Below are the records. Retype, exactly, the lines from the first through the line with "名画透光金属ブックマーク文創", and leave out the pictures.

*****

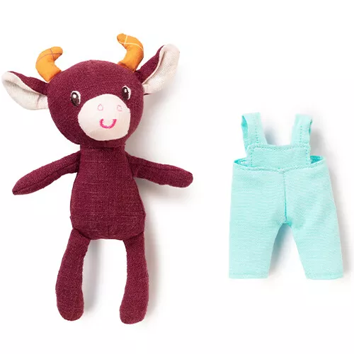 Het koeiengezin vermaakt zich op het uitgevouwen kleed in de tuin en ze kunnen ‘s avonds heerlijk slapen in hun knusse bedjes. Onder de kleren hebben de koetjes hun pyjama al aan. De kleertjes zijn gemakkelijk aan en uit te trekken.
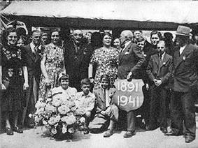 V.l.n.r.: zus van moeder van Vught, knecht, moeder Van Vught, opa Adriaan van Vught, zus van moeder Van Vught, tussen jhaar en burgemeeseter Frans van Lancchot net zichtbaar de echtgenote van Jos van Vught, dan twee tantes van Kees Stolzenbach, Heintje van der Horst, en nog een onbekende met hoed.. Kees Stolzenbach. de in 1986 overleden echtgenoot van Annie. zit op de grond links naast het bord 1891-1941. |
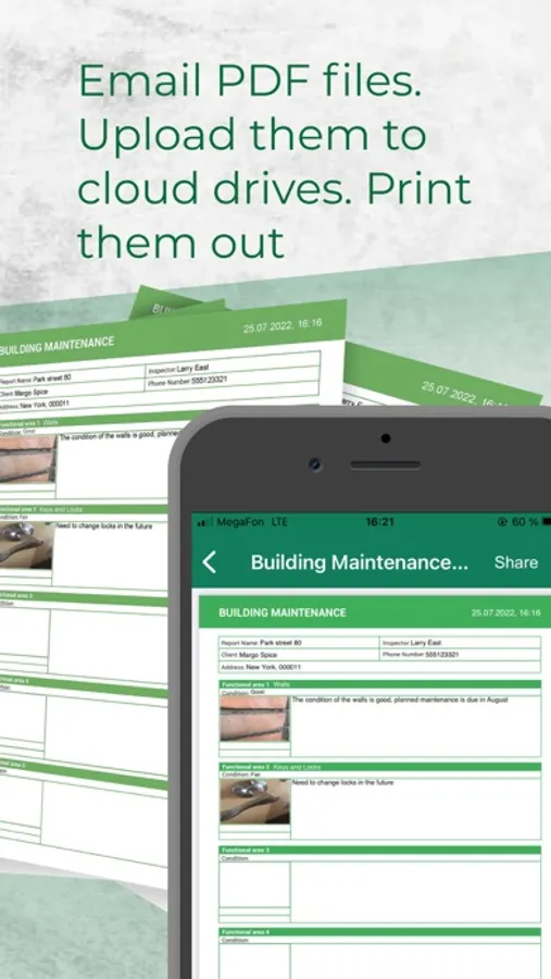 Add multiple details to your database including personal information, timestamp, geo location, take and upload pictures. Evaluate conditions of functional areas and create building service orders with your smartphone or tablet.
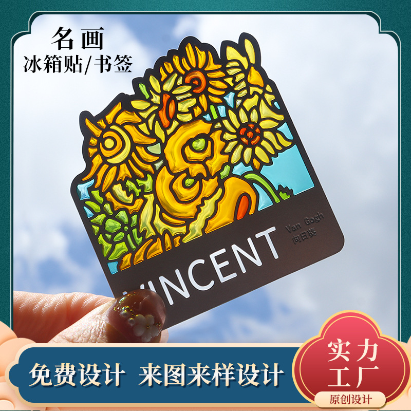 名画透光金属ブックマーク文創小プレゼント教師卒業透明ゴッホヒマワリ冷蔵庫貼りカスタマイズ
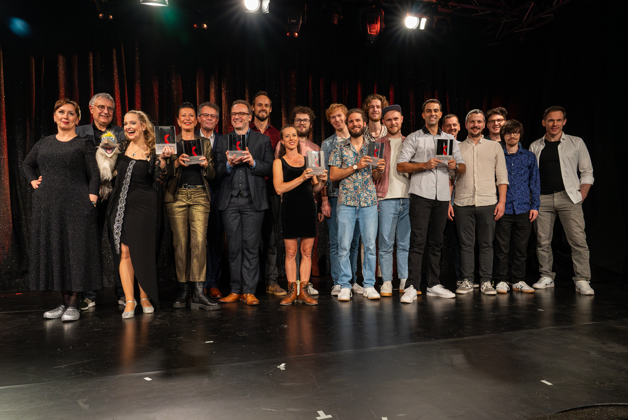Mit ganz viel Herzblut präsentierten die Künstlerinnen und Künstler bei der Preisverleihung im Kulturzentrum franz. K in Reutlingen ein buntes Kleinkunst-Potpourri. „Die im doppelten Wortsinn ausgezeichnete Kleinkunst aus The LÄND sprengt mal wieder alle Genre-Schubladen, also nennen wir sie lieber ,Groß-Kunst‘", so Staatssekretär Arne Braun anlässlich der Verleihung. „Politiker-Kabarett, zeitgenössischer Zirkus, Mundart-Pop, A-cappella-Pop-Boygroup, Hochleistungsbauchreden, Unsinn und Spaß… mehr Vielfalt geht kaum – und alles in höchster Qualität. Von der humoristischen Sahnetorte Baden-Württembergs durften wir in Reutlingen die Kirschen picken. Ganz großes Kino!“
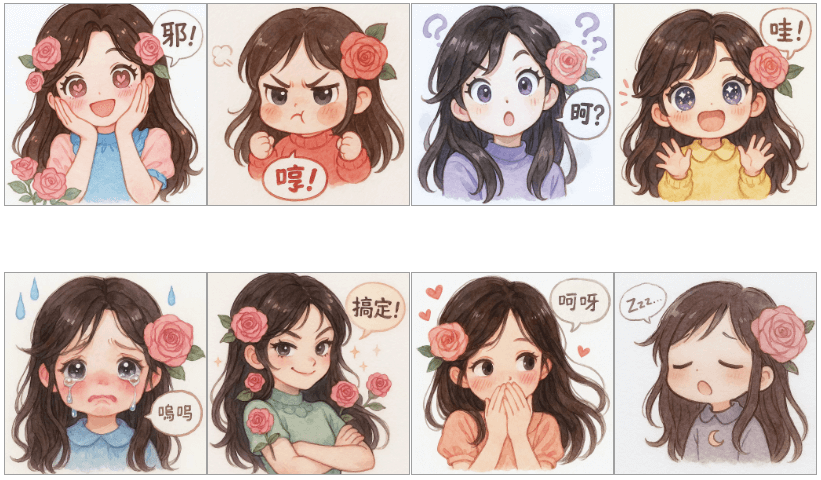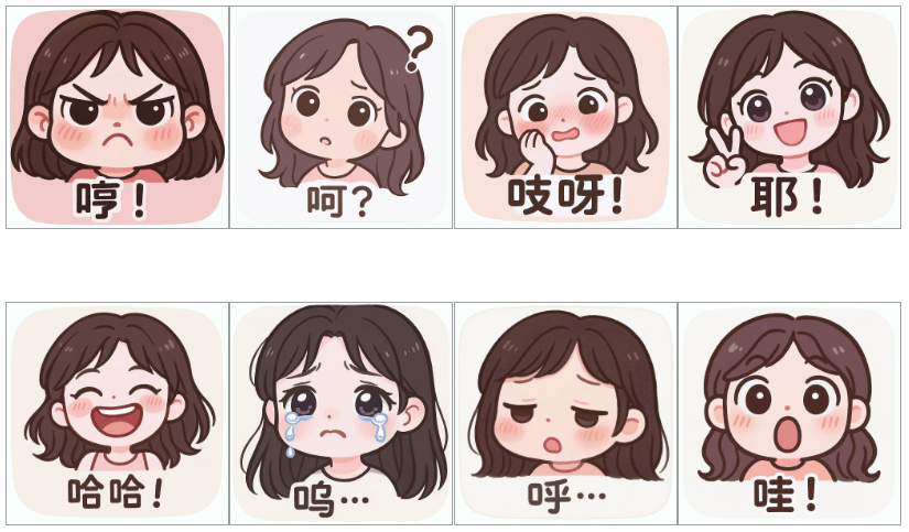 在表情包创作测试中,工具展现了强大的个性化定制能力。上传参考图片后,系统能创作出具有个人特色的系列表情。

*****

SOLUTION FOR THIS TASK:
 Het koeiengezin vermaakt zich op het uitgevouwen kleed in de tuin en ze kunnen ‘s avonds heerlijk slapen in hun knusse bedjes. Onder de kleren hebben de koetjes hun pyjama al aan. De kleertjes zijn gemakkelijk aan en uit te trekken.
 V.l.n.r.: zus van moeder van Vught, knecht, moeder Van Vught, opa Adriaan van Vught, zus van moeder Van Vught, tussen jhaar en burgemeeseter Frans van Lancchot net zichtbaar de echtgenote van Jos van Vught, dan twee tantes van Kees Stolzenbach, Heintje van der Horst, en nog een onbekende met hoed.. Kees Stolzenbach. de in 1986 overleden echtgenoot van Annie. zit op de grond links naast het bord 1891-1941. |
 Add multiple details to your database including personal information, timestamp, geo location, take and upload pictures. Evaluate conditions of functional areas and create building service orders with your smartphone or tablet.
 名画透光金属ブックマーク文創小プレゼント教師卒業透明ゴッホヒマワリ冷蔵庫貼りカスタマイズ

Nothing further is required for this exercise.